**Task statement:** Set down again each entry exactly as it reads, pictures excluded.

Items from a dataset
#####

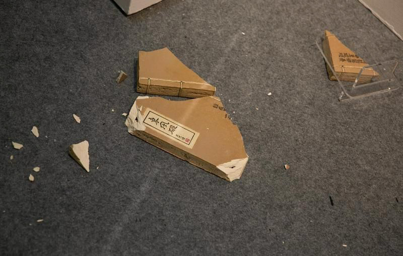 方文山與索卡藝術跨界合作,推出方文山X周杰倫《龐克貓史汀》聯名款限量潮流公仔,也以名曲《東風破》、《煙花意冷》創作窯燒作品。沒想到隔幾天這本「東風破」卻破了,咖啡色書籍藝術品掉落在地,成了大小不等的碎片。地上清楚的看見東風破的書名及連同擺放的架子。
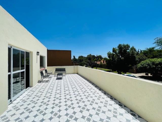 Al subir por las escaleras, nos encontramos con un espacio abierto, muy amplio, que puede utilizarse de playroom, con amplio ventanal para salir al balcón terraza, el cual cuenta con espacio para mesa y sillas.
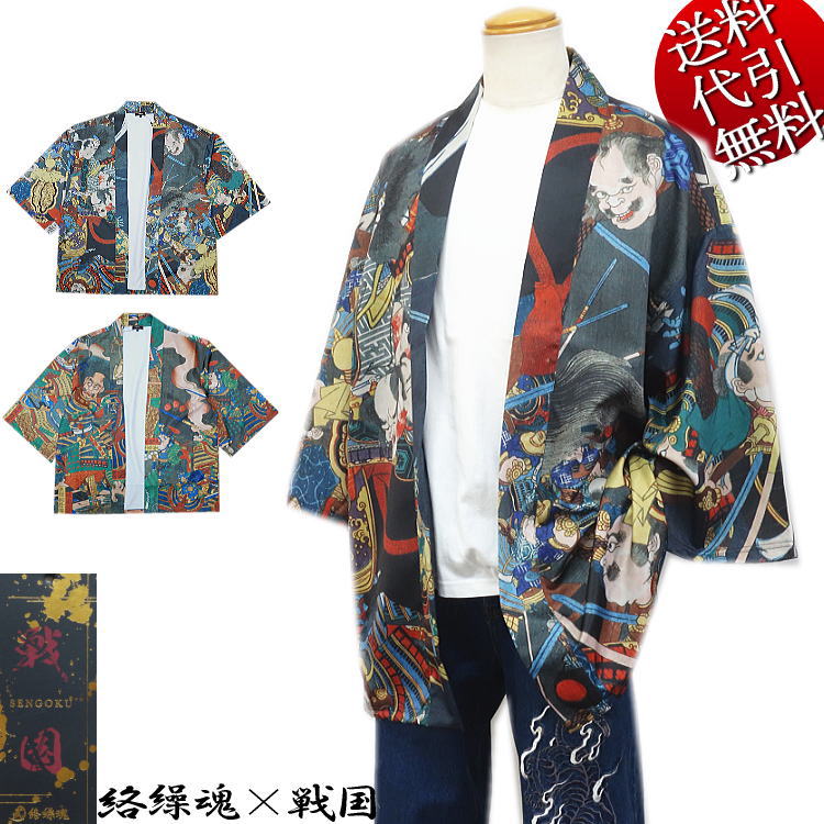 新作 春夏秋冬物 絡繰魂カラクリ魂/からくり魂 戦国SENGOKU 桶狭間の戦い 武将 浮世絵 ロゴ刺繍 七分 祭り カジュアル 羽織り 法被 黒:F/フリー(L〜4L) 261032
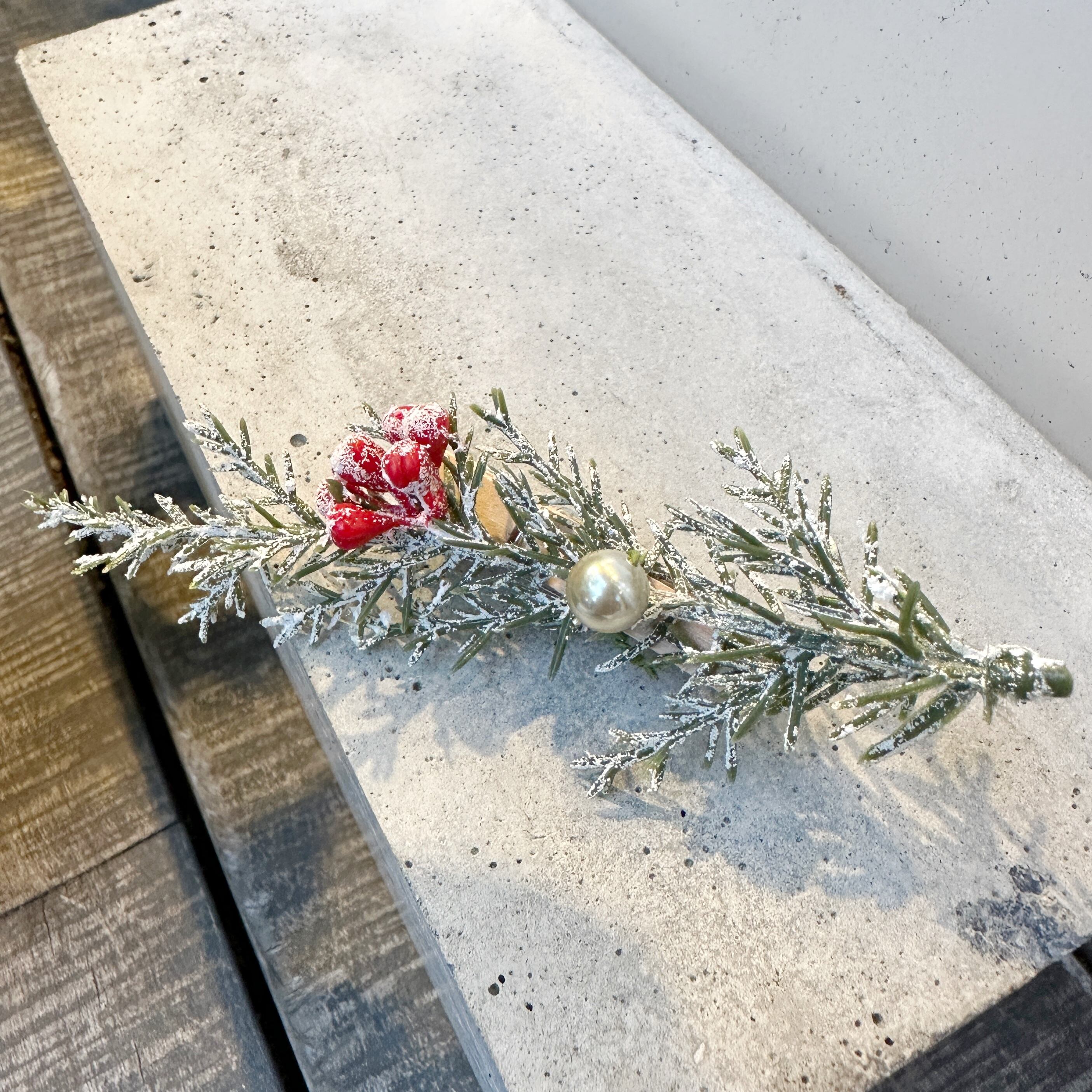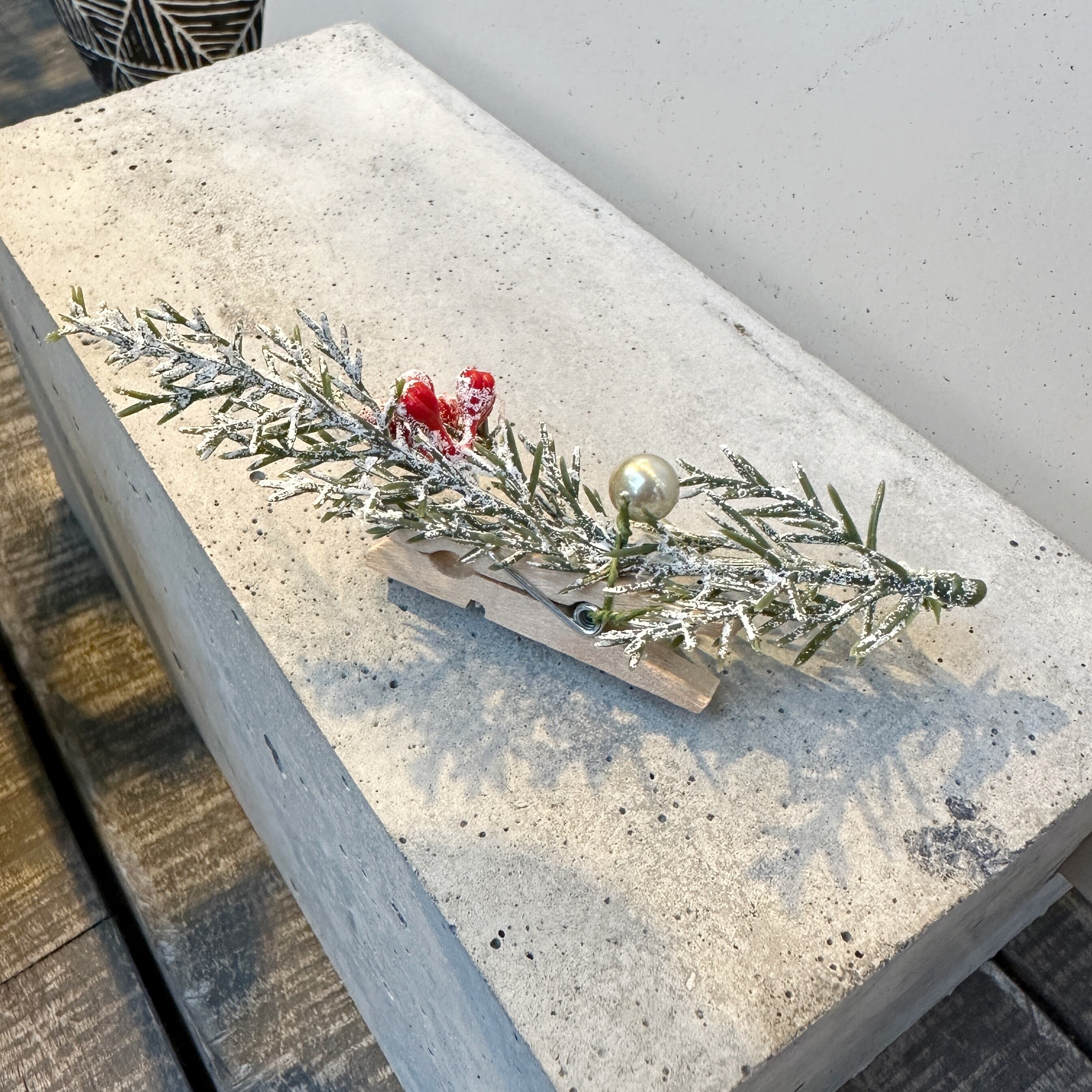 木の実をアクセントにした造花でできたコサージュを木製クリップにセットしました。
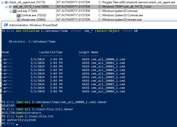 get executed by Checkmk with SYSTEM privileges allowing attackers to escalate
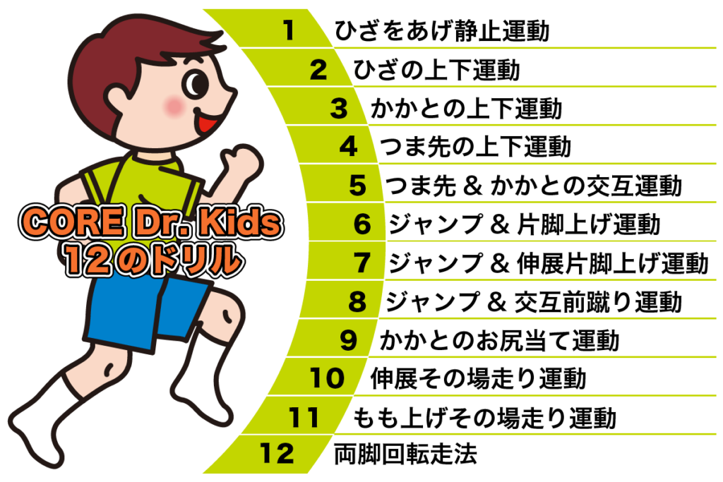 私たち CORE Dr. Kidsでは、走りの技術をフェーズごとに分解し、段階的に正しいフォームを習得できる12のドリルを開発しました。

#####

**Answer area:**
 方文山與索卡藝術跨界合作,推出方文山X周杰倫《龐克貓史汀》聯名款限量潮流公仔,也以名曲《東風破》、《煙花意冷》創作窯燒作品。沒想到隔幾天這本「東風破」卻破了,咖啡色書籍藝術品掉落在地,成了大小不等的碎片。地上清楚的看見東風破的書名及連同擺放的架子。
 Al subir por las escaleras, nos encontramos con un espacio abierto, muy amplio, que puede utilizarse de playroom, con amplio ventanal para salir al balcón terraza, el cual cuenta con espacio para mesa y sillas.
 新作 春夏秋冬物 絡繰魂カラクリ魂/からくり魂 戦国SENGOKU 桶狭間の戦い 武将 浮世絵 ロゴ刺繍 七分 祭り カジュアル 羽織り 法被 黒:F/フリー(L〜4L) 261032
 木の実をアクセントにした造花でできたコサージュを木製クリップにセットしました。
 get executed by Checkmk with SYSTEM privileges allowing attackers to escalate
 私たち CORE Dr. Kidsでは、走りの技術をフェーズごとに分解し、段階的に正しいフォームを習得できる12のドリルを開発しました。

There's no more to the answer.